## Description of the task
Starting with the line that holds "为了切实做好学生暑期太阳集团", reproduce each line through the last one of the data, exactly as written. Pictures are not copied.

Stored items:
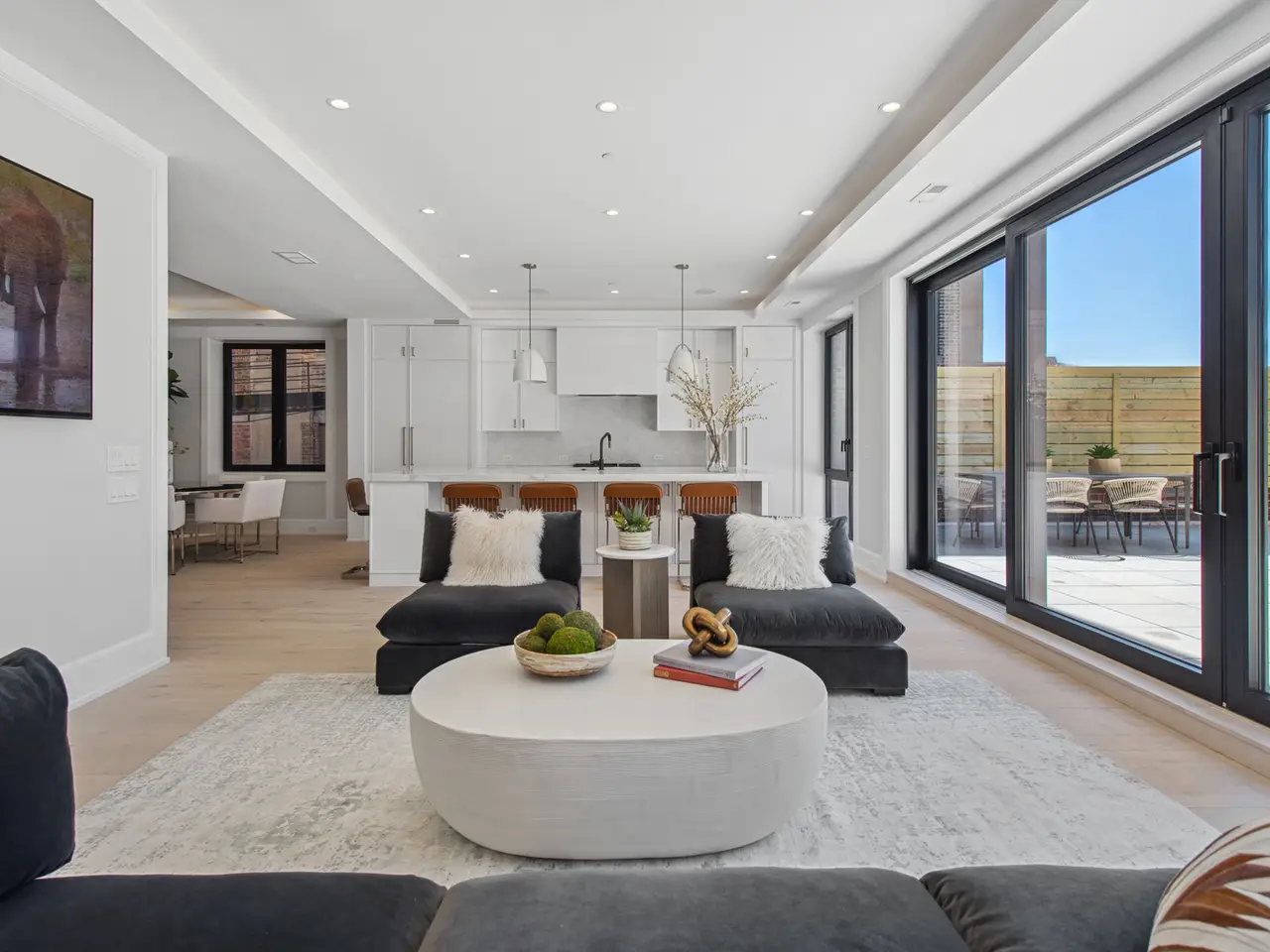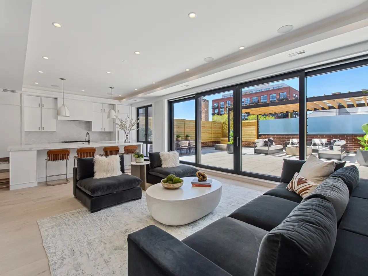This stunning duplex-up features a massive 1200 sq. ft. walk-out terrace and an attached heated 2-car garage, all within an intimate 5-unit boutique elevator building in the heart of the West Loop. Built by the renowned PLD Homes, known for their exceptional design, timeless finishes and unmatched craftsmanship. This home offers high ceilings, floor-to-ceiling windows, wide-plank hardwood floors, and expensive millwork that create an open and airy atmosphere. The main floor spans a remarkable 35 feet wide-uncommon in any neighborhood or building! As you enter, you'll find a formal foyer leading to a spacious, well proportioned living area, with oversized sliding doors seamlessly connecting the indoor and outdoor. This is the best outdoor terrace in the city! Covered portion of the terrace, perfect for year-round grilling, a large pergola, and hookups for water, power, and speakers-ideal for entertaining or everyday living. This space flows effortlessly into the large kitchen and dining area. The chef's kitchen is a dream, featuring a massive island with plenty of seating, custom cabinetry, Thermador appliances, a herringbone backsplash, under-cabinet lighting, and custom - mitered countertops. Floor-to-ceiling windows fill the room with natural light. The dining area comfortably seats 10 and includes built-ins, a wet bar, tray ceiling with lighting, and a dedicated wine fridge column by Gaggenau. The primary bedroom is bathed in light from large windows looking over the terrace, allowing your own design of the view. Another private patio of the primary suite - perfect for a morning coffee or evening wine. The spa-quality bath boasts radiant heated floors, double vanities, an oversized mirror, sconce lighting, a rain shower with steam and bench, a separate water closet, and a soaking tub, set against a feature wall ready for your personal touch. This building is tucked away on the quiet, secluded Willard Court, just a one-block stretch. Yet, it's steps away from the vibrant shops, restaurants, dining at Randolph Street and all the convenience and entertainment that West Loop has to offer.
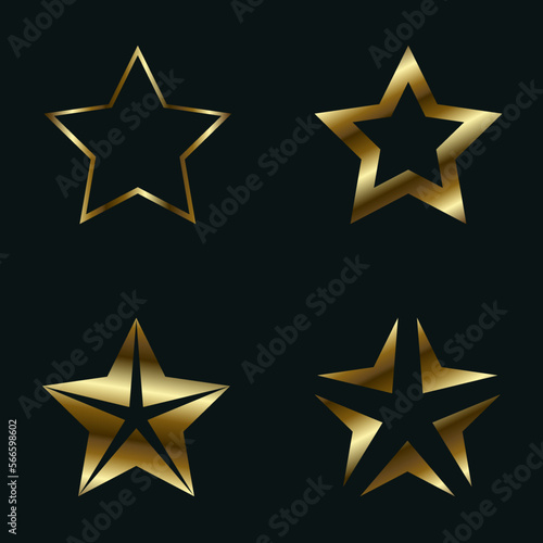 SET of four luxury star, golden star light, premium star shapes, symbols, icons vector illustration design.
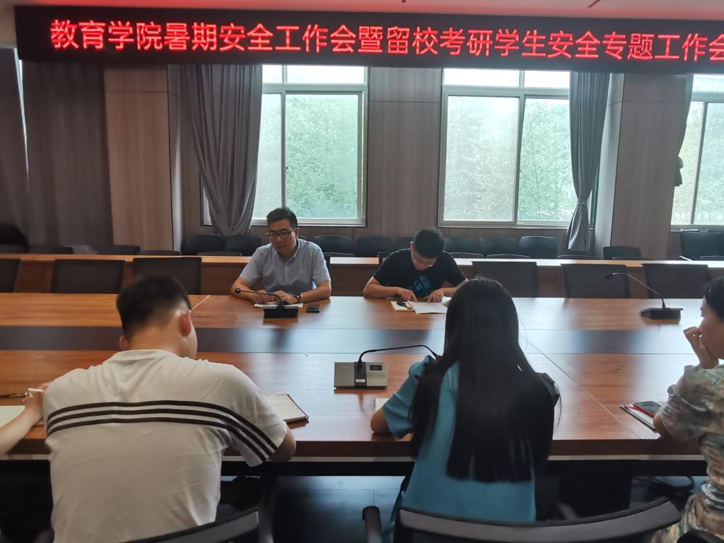 为了切实做好学生暑期太阳集团工作,7月9日下午太阳集团tyc138在社科楼109会议室召开暑期安全工作会暨留校考研学生安全专题工作会,太阳集团tyc138党总支书记张甲楠,学工干事郝昊及全体辅导员参加此次会议,会议由郝昊主持。
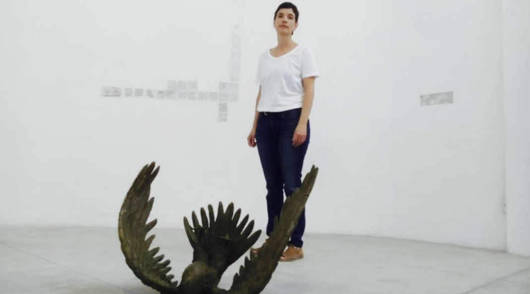 La caída del águila de Cynthia Gutiérrez, es en cierta forma la derrota del símbolo adorado por México, emblema de la supuesta “identidad” nacional. Al recordarle esto durante el recorrido de la exposición y preguntarle si se atrevería a soltar alguna vasija milenaria como Ai Weiwei, me recuerda el Proyecto Paralelo, que fue una exposición montada recientemente en la Ciudad de México, en la que una de las piezas son los fragmentos de una mujer de barro que dejó caer.
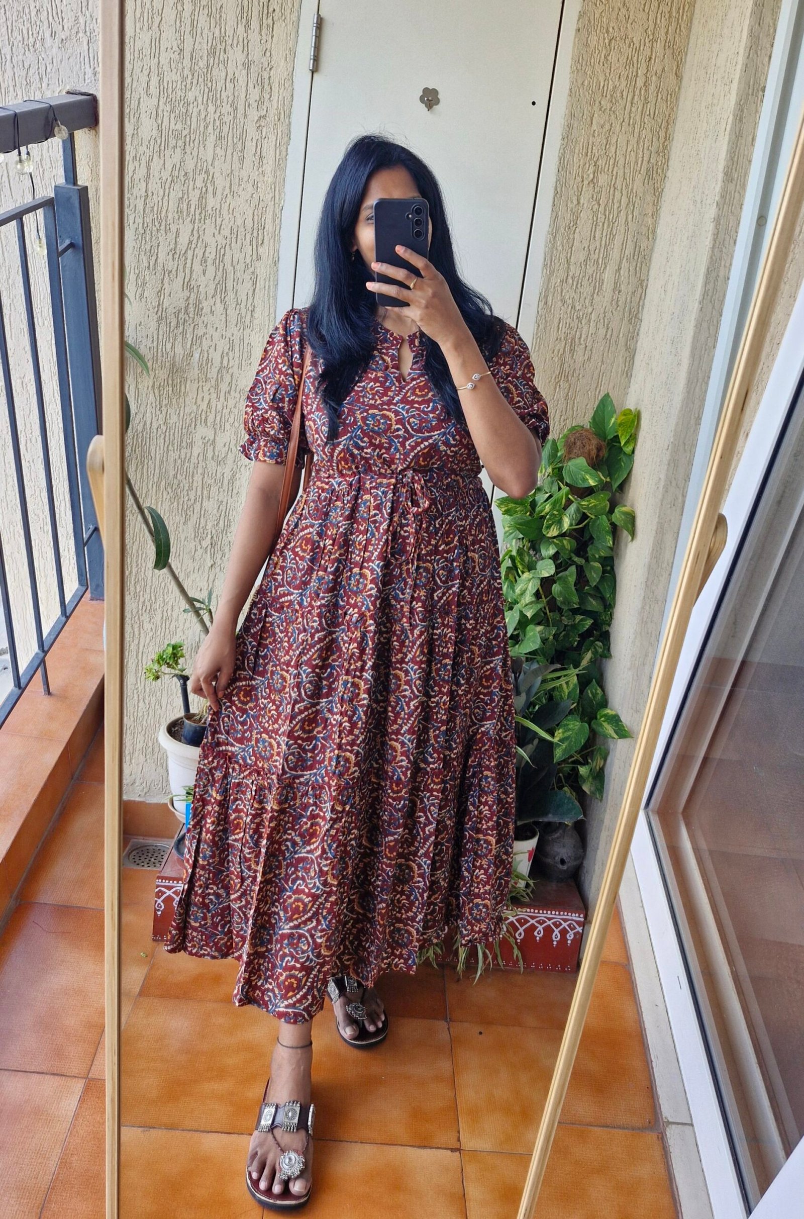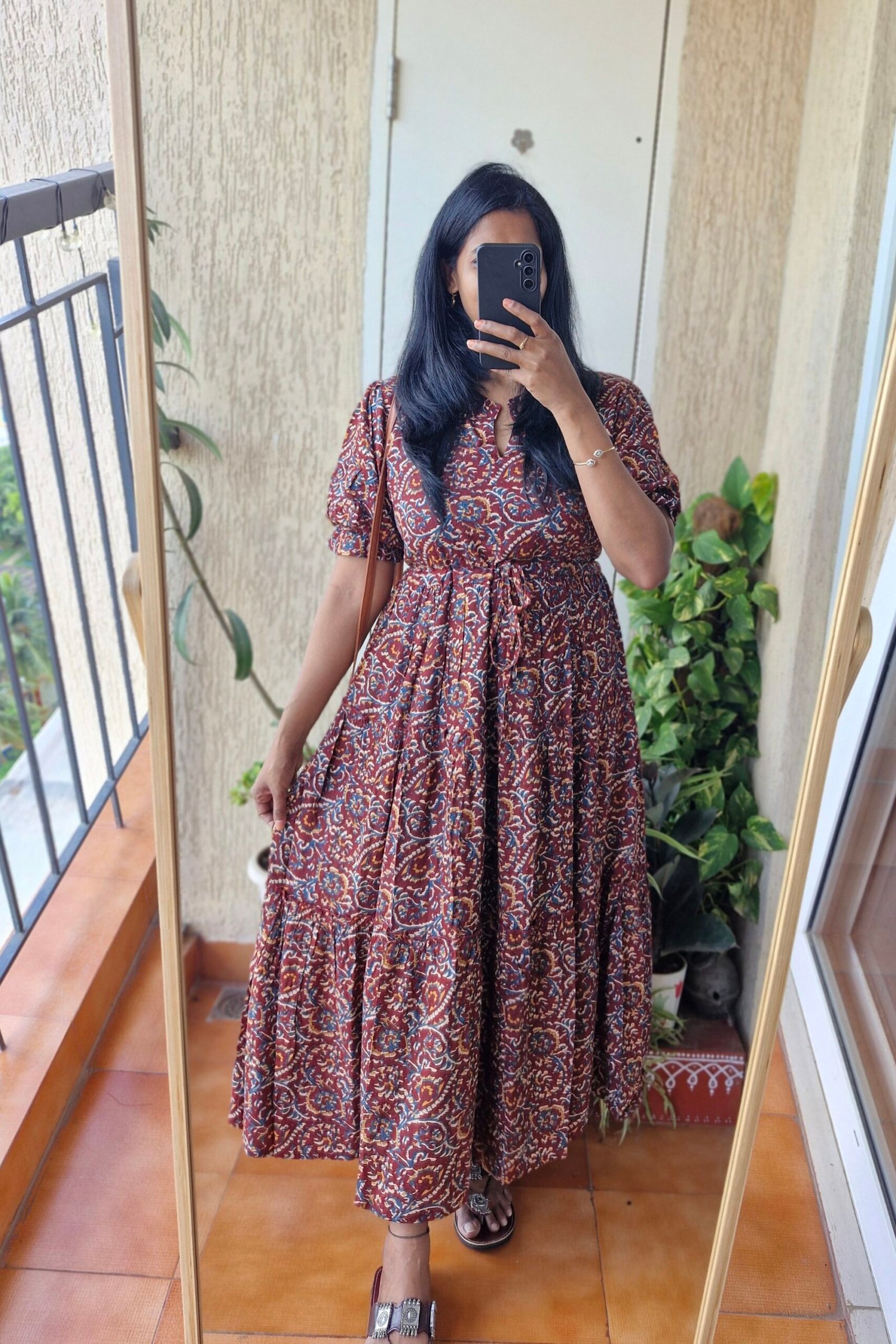 Solid Rayon Kalamkaari print adjustable maxi dress comes with a length of 53 inches perfect for casual outing and regular use.

## Expected answer
 为了切实做好学生暑期太阳集团工作,7月9日下午太阳集团tyc138在社科楼109会议室召开暑期安全工作会暨留校考研学生安全专题工作会,太阳集团tyc138党总支书记张甲楠,学工干事郝昊及全体辅导员参加此次会议,会议由郝昊主持。
 La caída del águila de Cynthia Gutiérrez, es en cierta forma la derrota del símbolo adorado por México, emblema de la supuesta “identidad” nacional. Al recordarle esto durante el recorrido de la exposición y preguntarle si se atrevería a soltar alguna vasija milenaria como Ai Weiwei, me recuerda el Proyecto Paralelo, que fue una exposición montada recientemente en la Ciudad de México, en la que una de las piezas son los fragmentos de una mujer de barro que dejó caer.
 Solid Rayon Kalamkaari print adjustable maxi dress comes with a length of 53 inches perfect for casual outing and regular use.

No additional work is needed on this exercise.